Centre opens arms to single brand retail FDI

Choices galore:The new norms will benefit consumers by providing more options and competitive pricing, say analysts.

Choices galore:The new norms will benefit consumers by providing more options and competitive pricing, say analysts.  

Sourcing norms eased, 100% FDI put on ‘automatic’ route

The Union government on Wednesday liberalised and simplified the Foreign Direct Investment (FDI) regime in a host of sectors, including Single Brand Retail Trading (SBRT) and construction development.

The Union Cabinet, chaired by Prime Minister Narendra Modi, gave its approval to a proposal permitting 100% FDI under the automatic route for SBRT.

Five-year window

The Centre also eased ‘sourcing norms’ in SBRT by permitting companies to set off their incremental sourcing of goods from India for global operations in the initial five years — beginning April 1 of the year of the opening of the firm’s first store — against the mandatory sourcing requirement of 30% of purchases from India.

After the completion of the five-year period, SBRT entities would be required to meet the 30% sourcing norms directly towards its India’s operation, on an annual basis, the government said in an official statement.

The relaxation in sourcing norms could help companies like Apple, which had been seeking exemption from the 30% local sourcing norm, according to Pankaj Mohindroo, national president, Indian Cellular Association (ICA). However, the ICA is keen that companies should source entirely from India, he said.
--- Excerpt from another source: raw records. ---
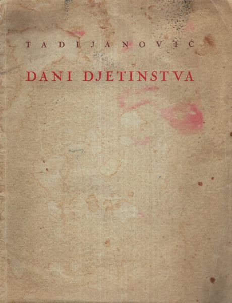 Tadijanović, Dragutin, hrvatski pjesnik (Rastušje, 1905 – Zagreb). Diplomirao je 1937. književnost i filozofiju na Filozofskom fakultetu u Zagrebu. Od 1944. književni tajnik u HIBZ-u, a od 1945. urednik u Nakladnom zavodu Hrvatske. Od 1953. do umirovljenja 1973. direktor Instituta za književnost i teatrologiju JAZU-a; redoviti član JAZU-a (danas HAZU) od 1965. Dobitnik je Nagrade »Vladimir Nazor« za životno djelo (1967) i Nagrade Goranov vijenac za cjelokupan pjesnički opus (1982). Bio je predložedn i za Nobelovu nagradu. Pjesme je pisao i pod pseudonimom Margan Tadeon. Objavio ih je oko pet stotina u dvadesetak zbirki, a krug tema koje u njima pronalazimo kreće se od zavičajnih, intimnih, pejsažnih do gradskih i socijalnih. Zbirka pjesama Dani djetinstva objavljena je 1937. i spada u jjegove prve zbirke, kojima se pokazao kao izniman hrvatski pjesnik. Nepaginirano. 19 listova. U zbirci je i slika autora.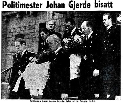 - «Politimester Johan Gjerde bisatt». Nationen 1973.12.21. Digital versjon på Nettbiblioteket.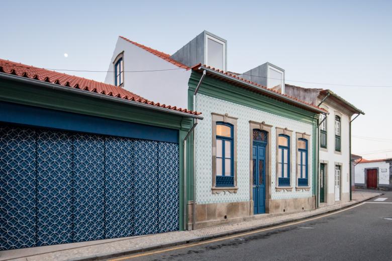 Finally, in terms of substantially, visible alterations in the elevations of the buildings, on the ground floor, and at the level of the secondary construction, it was foreseen the introduction of an almost total opening to the street, allowing the use of the respective interior space as a garage and, on the contrary, a more controlled opening of the two bedrooms to the plot. The elevations are therefore practically redone, having as principle the introduction of spans that maintain the scale of the construction, provided to the new program and its uses, but modern reinterpreting the more decorative sense of the tiles.
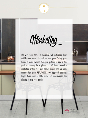 Marketing The way your home is marketed will determine how quickly your home sells and for what price. Selling your home is more involved than just putting a sign in the yard and waiting for a phone call. We have created a marketing system that sells homes quicker and for more money than other REALTORS®. Our approach captures buyers from every possible source. Let us customize this plan to best to your needs!

Apple is learnt to have sought the waiver on the ground that it manufactures ‘cutting-edge technology’ products for which it is not possible to source as much from India due to the absence of or low capacity of the requisite supply-chain items.

‘Make in India’ gets fillip

“The move will not only attract additional foreign capital into the country, but will also provide an impetus to the retail industry growth, at a time when organised retail is already seeing strong growth over the last 12 months,” Rajat Wahi, Partner, Deloitte Touche Tohmatsu India, said in a statement.
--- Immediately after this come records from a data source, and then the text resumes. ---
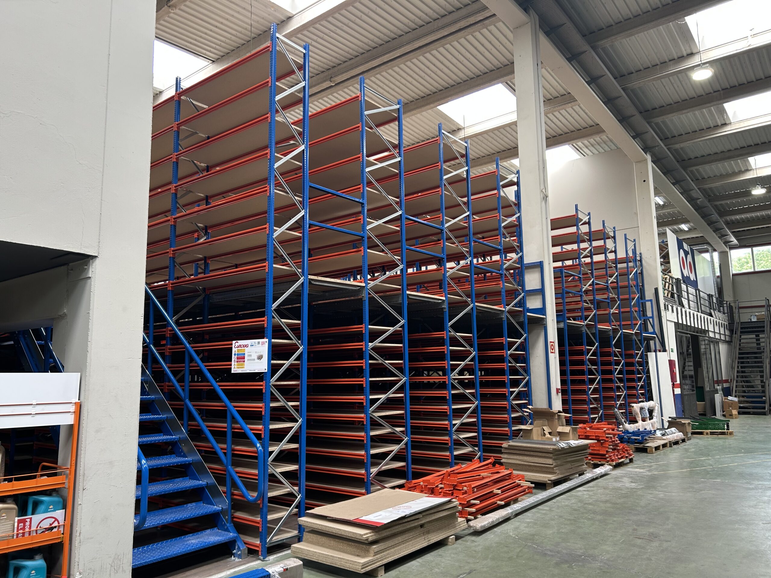 Los sistemas de pasillos elevados permiten aprovechar la altura del almacén sin necesidad de obra civil. Son estructuras modulares que añaden niveles accesibles a pie, duplicando o triplicando la superficie útil disponible.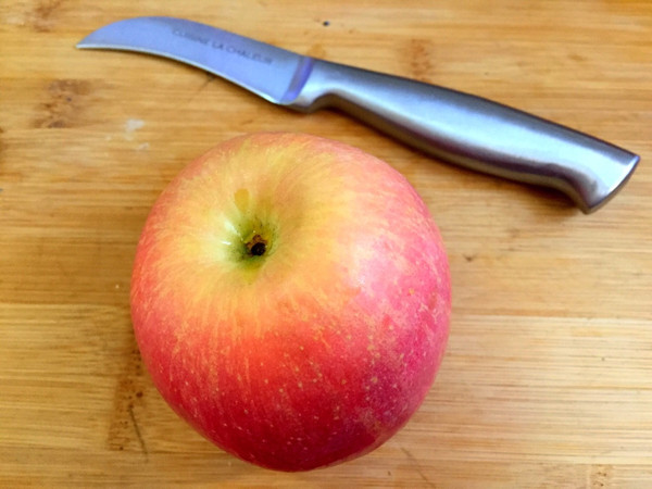红苹果一个洗净去蒂去把,水果刀一把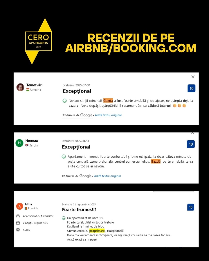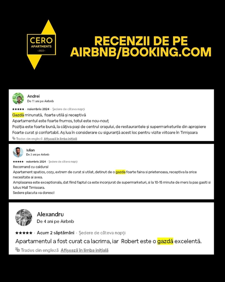 Prin imaginile atasate, se poate observa ca orice client a fost multumit de cat de bine s-au simtit la apartamentele gestionate.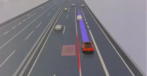 此时旁车道有大车经过,车辆判定不具备变道条件,并在屏幕上进行了红色预警,大车通过后,车辆便插进身位顺利汇入车流。

He added, “Global brands across different categories, from apparel to electronics to accessories will be aided through this, providing further options to Indian consumers and improving India’s ranking in ease of doing business.”

The relaxation in local sourcing norms would allow the SBRT entity adequate time to set up their supply chain for local souring in India, Mr. Wahi said, adding that it would also provide an impetus to the government’s “Make In India” initiative.

On its impact on consumers, Mr. Wahi said the move would open up the Indian retail markets, leading to greater number of brands entering the Indian retail space and thus increasing competition.

“This would provide more options to the consumers as well as competitive pricing,” he said, adding that the move would also indirectly support omni-channel approach for companies who wish to enter both online and offline trade.

Goldie Dhama, Partner - Regulatory, PwC India, said the easier sourcing norms “will provide the single brand retail trading companies the flexibility and time to align their retail and sourcing business.”

Break for broking

In construction development, the Centre said that real estate broking service did not amount to ‘real estate business’ and was, therefore, eligible for 100% FDI under the automatic route.

Bhairav Dalal, partner, Real Estate Tax, PwC India, said that the clarification on real estate broking services was a welcome move “given the number of start-ups in this space offering innovative broking products.”